Understanding Dynamic Parallelism in CUDA

1.4k views Asked by At

Example of dynamic parallelism:

__global__ void nestedHelloWorld(int const iSize,int iDepth) {
    int tid = threadIdx.x;
    printf("Recursion=%d: Hello World from thread %d" "block %d\n",iDepth,tid,blockIdx.x);
    // condition to stop recursive execution
    if (iSize == 1) return;
    // reduce block size to half
    int nthreads = iSize>>1;
    // thread 0 launches child grid recursively
    if(tid == 0 && nthreads > 0) {
        nestedHelloWorld<<<1, nthreads>>>(nthreads,++iDepth);
        printf("-------> nested execution depth: %d\n",iDepth);
    }
}

Prints with one block, with two blocks the entire parent grid has finished:

./nestedHelloWorld Execution Configuration: grid 1 block 8
Recursion=0: Hello World from thread 0 block 0
Recursion=0: Hello World from thread 1 block 0
Recursion=0: Hello World from thread 2 block 0
Recursion=0: Hello World from thread 3 block 0
Recursion=0: Hello World from thread 4 block 0
Recursion=0: Hello World from thread 5 block 0
Recursion=0: Hello World from thread 6 block 0
Recursion=0: Hello World from thread 7 block 0
-------> nested execution depth: 1
Recursion=1: Hello World from thread 0 block 0
Recursion=1: Hello World from thread 1 block 0
Recursion=1: Hello World from thread 2 block 0
Recursion=1: Hello World from thread 3 block 0
-------> nested execution depth: 2
Recursion=2: Hello World from thread 0 block 0
Recursion=2: Hello World from thread 1 block 0
-------> nested execution depth: 3
Recursion=3: Hello World from thread 0 block 0

Say I launch a child grid from one thread in a block at threadIdx.x==0. Can I assume that all other threads in the parent grid have finished executing up to the point I launched the child grid as well?

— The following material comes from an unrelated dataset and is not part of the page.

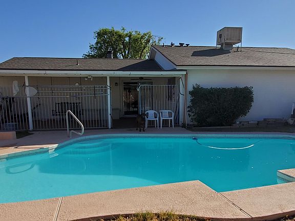 * Great 3 bedroom 1.75 bath brick-faced block home, no HOA, private diving pool, fireplace. Good bones, fenced in both the front with chain link and in the back with block, patio is fenced off from the backyard making it safer, evap cooler plus central a/c. Roof replaced in 2018, water heater replaced in 2008. Close to shopping and entertainment area.

If so, how does this work? All I'm reading is that a parent grid is not technically finished before a child grid. Nothing about guarantees of other parent threads that have not launched children.

2

There are 2 answers

2
Greg Smith On BEST ANSWER

Say I launch a child grid from one thread in a block at threadIdx.x==0. Can I assume that all other threads in the parent grid have finished executing up to the point I launched the child grid as well?

No. You can make no assumptions about the state of other threads in the parent block or other blocks in the parent grid.

If so, how does this work? All I'm reading is that a parent grid is not technically finished before a child grid. Nothing about guarantees of other parent threads that have not launched children.

When a parent thread launches a child grid it pushes work to the GPU at a higher priority than itself. On compute capability 3.5 - 5.x the GPU will schedule the highest priority work but it will not pre-empt any running blocks. If the GPU is full then the compute work distribution will not be able schedule the child blocks. As parent blocks complete the child blocks will be distributed before any new parent blocks. At this point the design could still dead lock. If the block that launched the work does a join operation (cudaDeviceSynchronize) and if the children work has not be completed because there was not sufficient room to schedule the child work or it is still running then the parent block (not grid) will pre-empt itself. This allows for the child grid to make forward progress. The CDP scheduler will restore the parent block when the child grid has completed.

The parent grid will not be marked as completed until all blocks from the parent complete and all child grids complete.

  • If the parent grid launches a child grid but does not join it is possible that all parent blocks completes before the child blocks are scheduled.
  • If the parent grid joins then it is likely that all children grid complete before the parent blocks complete.
  • If the parent grid launch is more than can be concurrently executed by the GPU then the answer is in the middle.

Nsight VSE CUDA Trace and Visual Profiler have additional visualizers for tracing CDP grids. The video (but not slides) from the GTC 2013 presentation Profiling and Optimizing CUDA Kernel Code with NVIDIA Nsight Visual Studio Edition provide the best documentation on CDP visualization. Start watching at time 17:15.

4
Avi Ginsburg On

No. All threads in a warp execute in lock-step, so if thread 0 has not yet finished, neither have threads [1..31]. Other threads (or warps) in the block may or may not have finished executing.